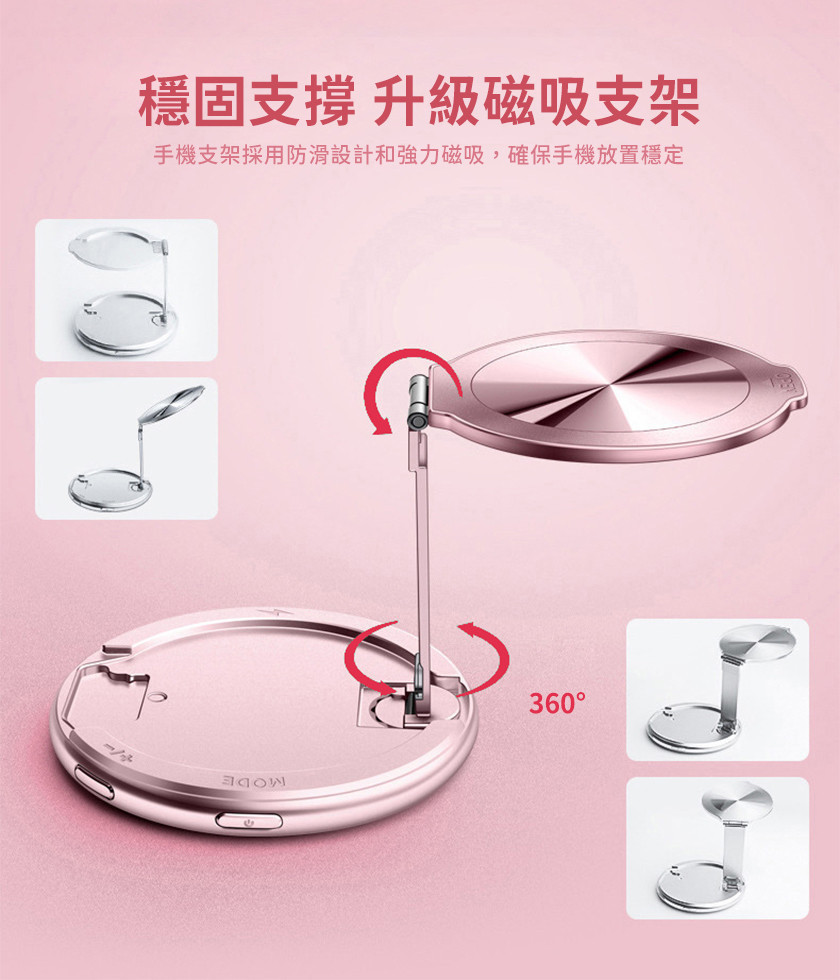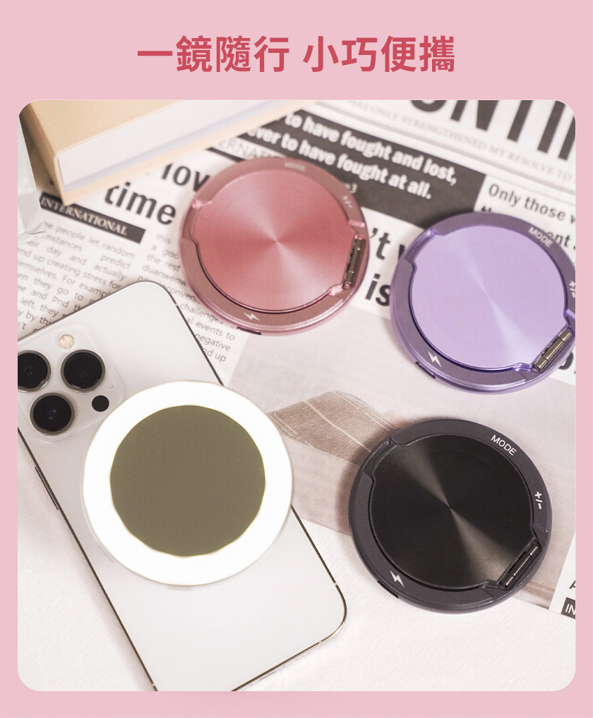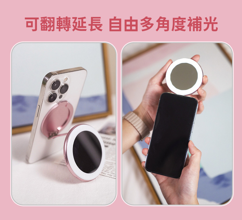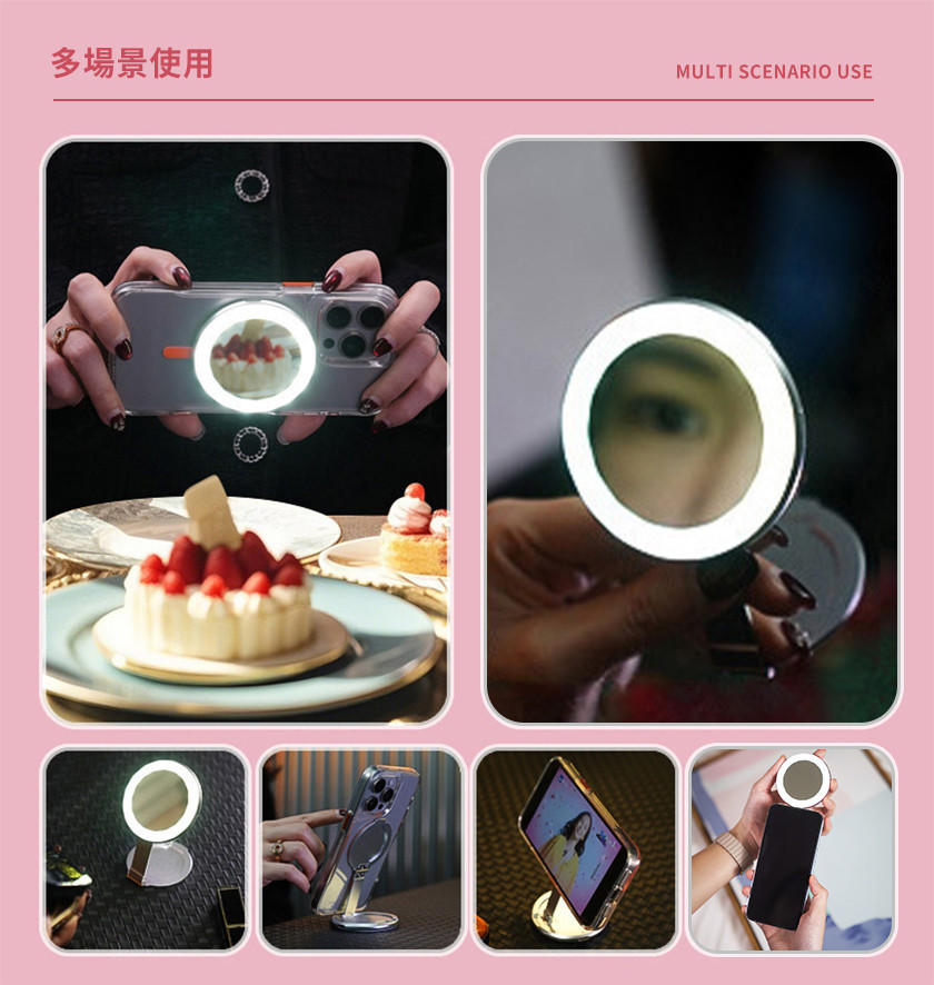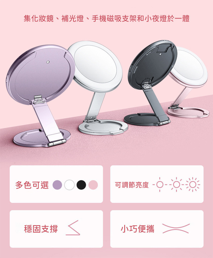 -4合1設計,集化妝鏡、補光燈、手機磁吸支架、小夜燈於一體
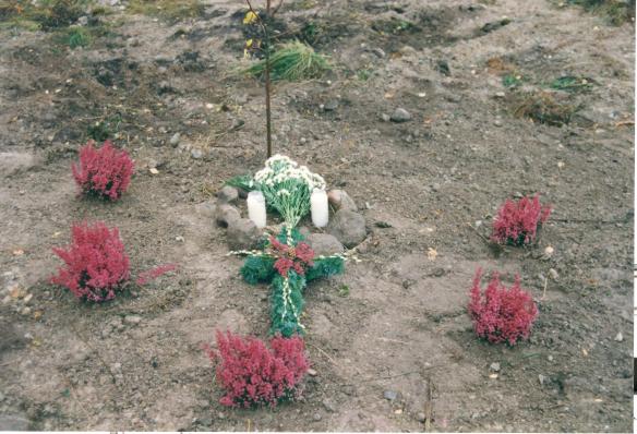 Han ligger begraven i utkanten av ett fält som hör till gården, på toppen är ett äppelträd planterat, med äppelsorten ”Alice”.
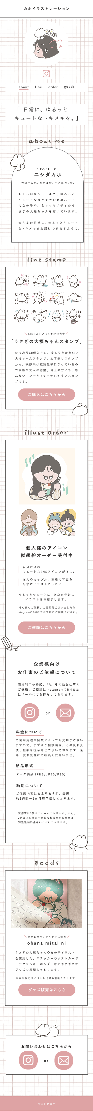 イラストレーターニシダカホのInstagramから、LINEスタンプやグッズ販売などの各コンテンツへ飛べる+企業様やフォロワー様にイラストの世界観なども伝えれるリンクサイト。
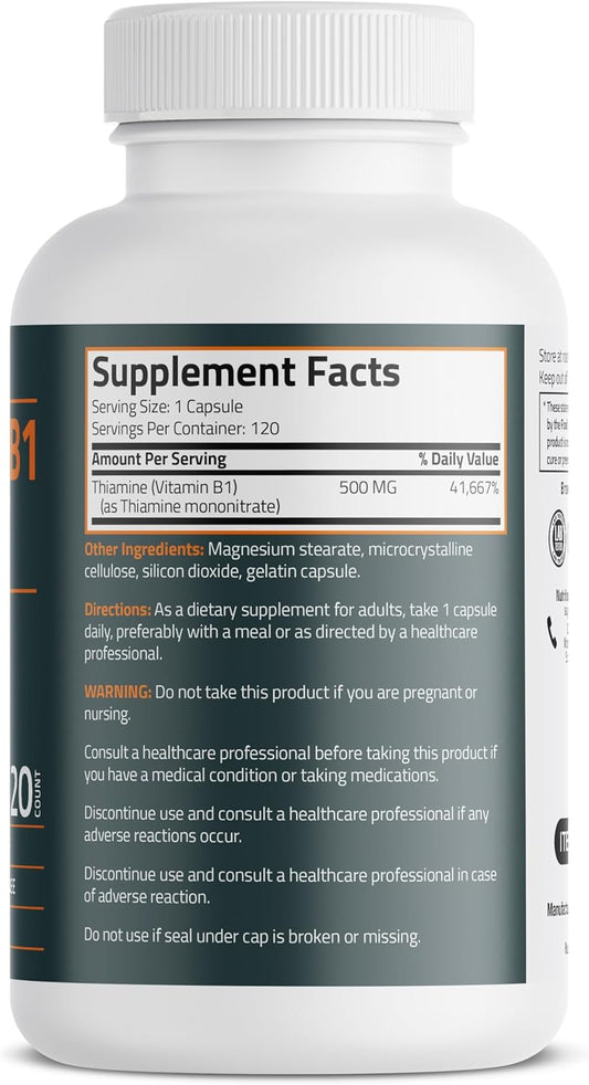 High Potency Bronson Vitamin B1 500 MG Extra Strength Non-GMO Capsules - 120 CountVendor:BronsonRegular price $107.34 AUDRegular priceUnit price / per-
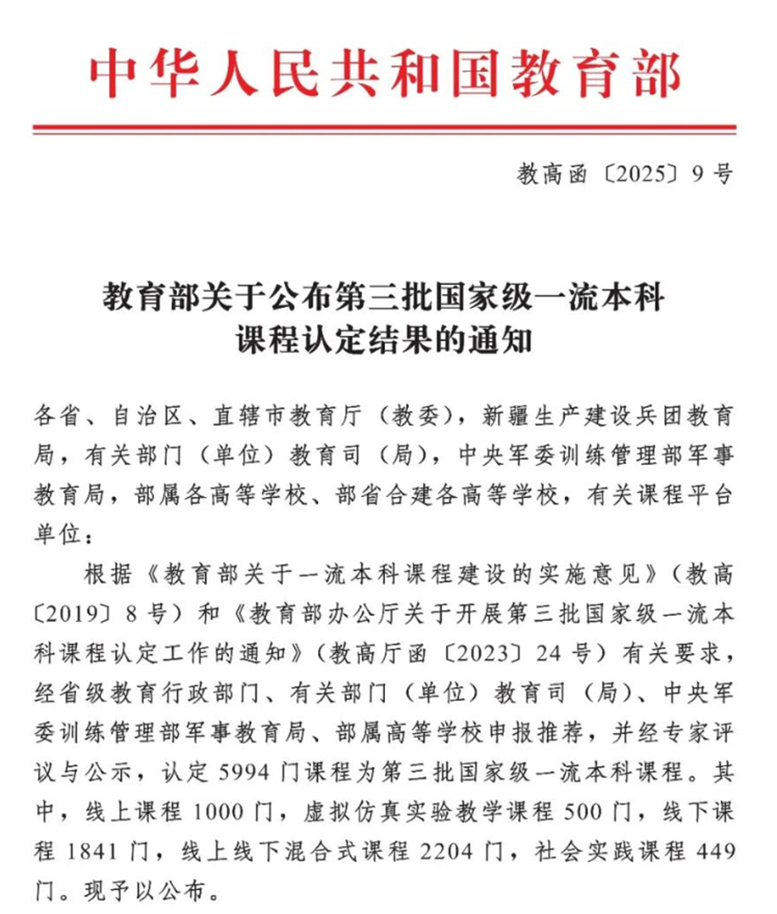近日,教育部印发《关于公布第三批国家级一流本科课程认定结果的通知》(教高函〔2025〕9号),我校《电路理论1》等4门课程入选,其中线上线下混合式课程1门、社会实践课程3门。截止目前,我校共有国家级一流本科课程7门,省级一流本科课程28门,认定校级一流本科课程157门。
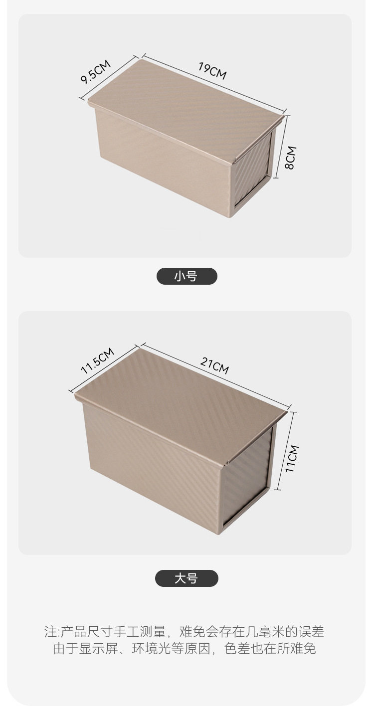 | Specifications | Rose gold 230g corrugated toast box with lid,Gold 230g corrugated toast box with lid,Black 230g corrugated toast box with lid,Golden square 250g toast box with lid,Gold 750g corrugated toast box with lid,Black 750g corrugated toast box with lid,(0.4 thick) rose gold corrugated toast box with lid,(0.4 thick) gold 450g corrugated toast box with lid,(0.5 thick) rose gold 450g corrugated toast box with lid,(0.5 thick) gold 450g corrugated toast box with lid,(0.5 thick) black 450g corrugated toast box with lid,(0.4 thick) - rose gold - small + large - corrugated toast box set with lid,(0.4 thick)-gold-small+large-corrugated toast box set with lid,(0.5 thick) - rose gold - small + large - corrugated toast box set with lid,(0.5 thick)-gold-small+large-corrugated toast box set with lid,(0.5 thick) - black - small + large - corrugated toast box set with lid,Rose gold small + large + green scraper three-piece corrugated toast box set with lid,Rose gold small + large + aged burgundy small silicone brush + small silicone knife with lid corrugated toast box set,2lb rose gold + 1lb black corrugated toast box with lid + beige three-piece set + green scraper three-piece set |
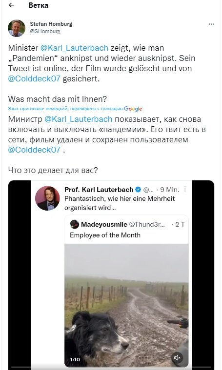 Это видео привлекло внимание федерального министра здравоохранения Германии Карла Лаутербаха, который ранее в 2022 году пытался провести закон о введении обязательной вакцинации от COVID.
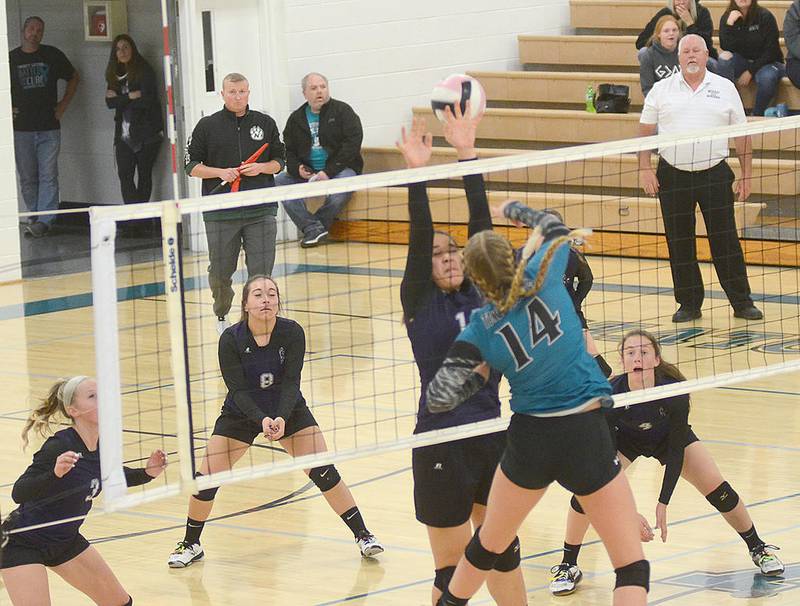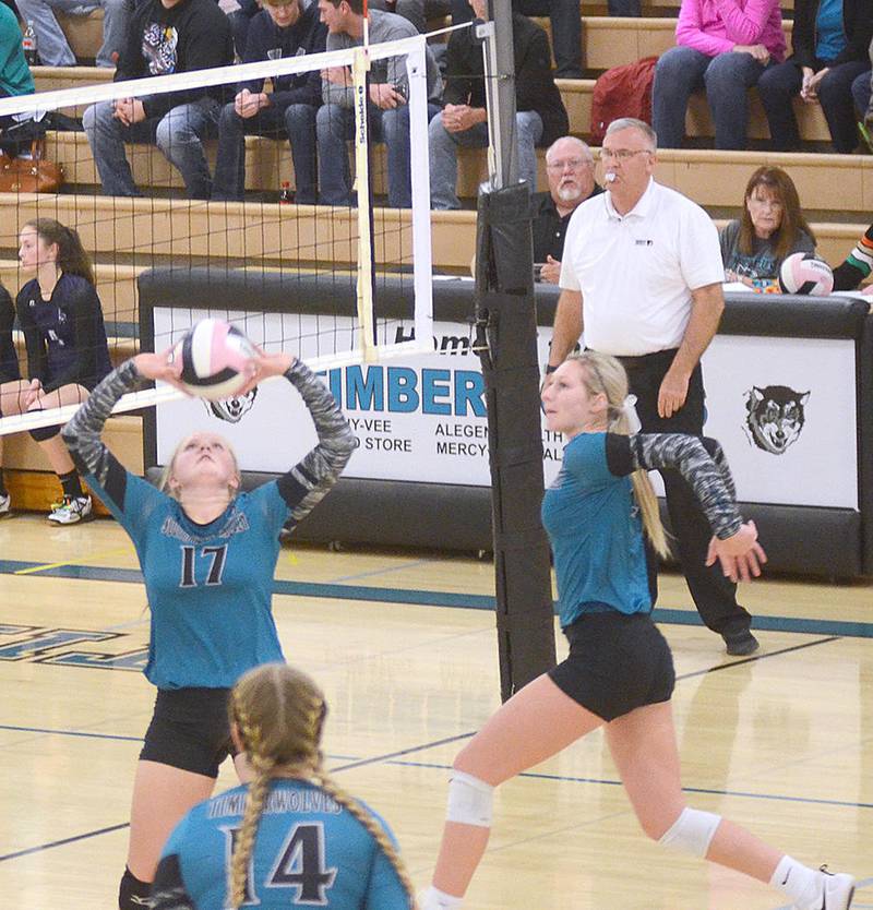 The team sang “Happy Birthday” to Jentry Schafer afterward as the team’s hitting leader observed her 18th birthday Tuesday. It took awhile for the Timberwolves’ attack to get going, but Schafer did show a nice mix of tips and hard-hit attacks to finish with a team-high 13 kills, pushing her season total to 287. Kayley Myers added nine kills to go with 13 of 15 serving and three digs.
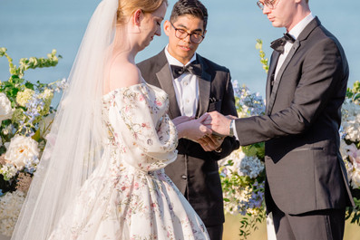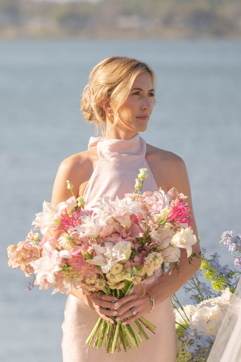 Choosing a Monique Lhuillier gown that added a layer of elegance and artistry to the wedding. Her floral details echo the natural blooms of the season and the venue’s garden-like settings, creating harmony between the bride’s attire and the environment.
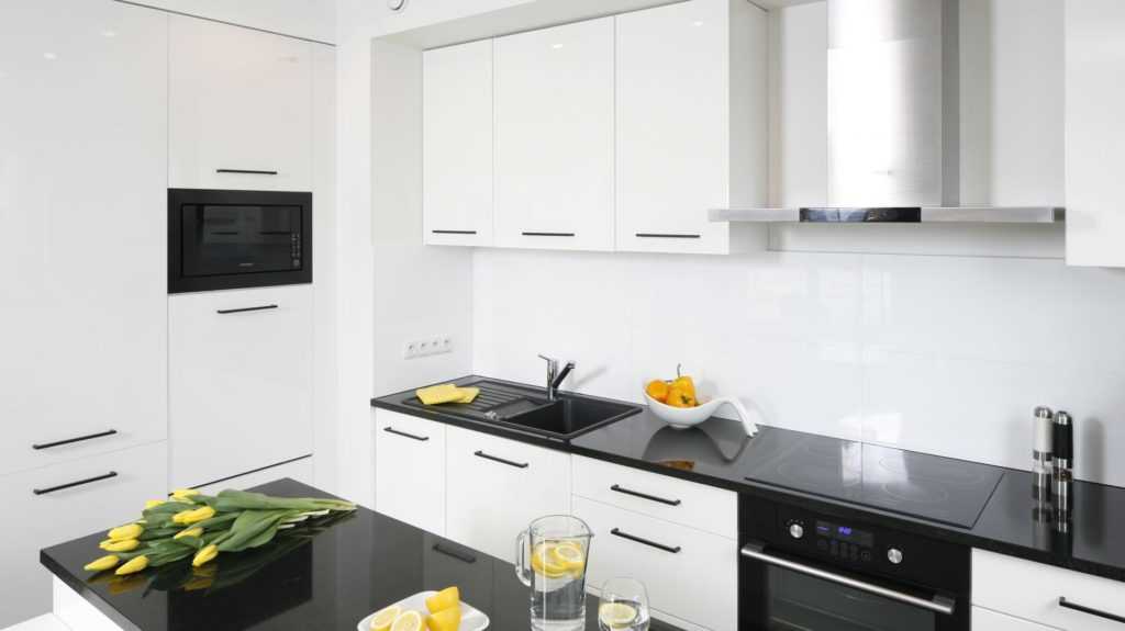 Белая кухня с черной столешницей и полом потребует постоянного тщательного ухода из-за капризности и любви к чистоте черного
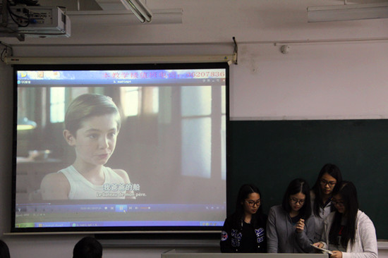 在学习部干事介绍规则后,各组分别上场。sonho2.0的同学们为影片《直到命运将我们分开》的配音搏得了全场热烈掌声;大二选手以相同影片中不同的片段为大家带来了欢乐。
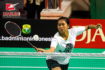 Rifa Putri Aida (PB Djarum) berhasil menyambut pengembalian dari Yuliani (Bisma Ubud).

**TASK PROMPT**
Although the records above contain pictures, the copy should not; retype exactly the lines from the one containing "イラストレーターニシダカホの" through the one containing "The team sang".

**EXERCISE OUTPUT**
 イラストレーターニシダカホのInstagramから、LINEスタンプやグッズ販売などの各コンテンツへ飛べる+企業様やフォロワー様にイラストの世界観なども伝えれるリンクサイト。
 High Potency Bronson Vitamin B1 500 MG Extra Strength Non-GMO Capsules - 120 CountVendor:BronsonRegular price $107.34 AUDRegular priceUnit price / per-
近日,教育部印发《关于公布第三批国家级一流本科课程认定结果的通知》(教高函〔2025〕9号),我校《电路理论1》等4门课程入选,其中线上线下混合式课程1门、社会实践课程3门。截止目前,我校共有国家级一流本科课程7门,省级一流本科课程28门,认定校级一流本科课程157门。
 | Specifications | Rose gold 230g corrugated toast box with lid,Gold 230g corrugated toast box with lid,Black 230g corrugated toast box with lid,Golden square 250g toast box with lid,Gold 750g corrugated toast box with lid,Black 750g corrugated toast box with lid,(0.4 thick) rose gold corrugated toast box with lid,(0.4 thick) gold 450g corrugated toast box with lid,(0.5 thick) rose gold 450g corrugated toast box with lid,(0.5 thick) gold 450g corrugated toast box with lid,(0.5 thick) black 450g corrugated toast box with lid,(0.4 thick) - rose gold - small + large - corrugated toast box set with lid,(0.4 thick)-gold-small+large-corrugated toast box set with lid,(0.5 thick) - rose gold - small + large - corrugated toast box set with lid,(0.5 thick)-gold-small+large-corrugated toast box set with lid,(0.5 thick) - black - small + large - corrugated toast box set with lid,Rose gold small + large + green scraper three-piece corrugated toast box set with lid,Rose gold small + large + aged burgundy small silicone brush + small silicone knife with lid corrugated toast box set,2lb rose gold + 1lb black corrugated toast box with lid + beige three-piece set + green scraper three-piece set |
 Это видео привлекло внимание федерального министра здравоохранения Германии Карла Лаутербаха, который ранее в 2022 году пытался провести закон о введении обязательной вакцинации от COVID.
 The team sang “Happy Birthday” to Jentry Schafer afterward as the team’s hitting leader observed her 18th birthday Tuesday. It took awhile for the Timberwolves’ attack to get going, but Schafer did show a nice mix of tips and hard-hit attacks to finish with a team-high 13 kills, pushing her season total to 287. Kayley Myers added nine kills to go with 13 of 15 serving and three digs.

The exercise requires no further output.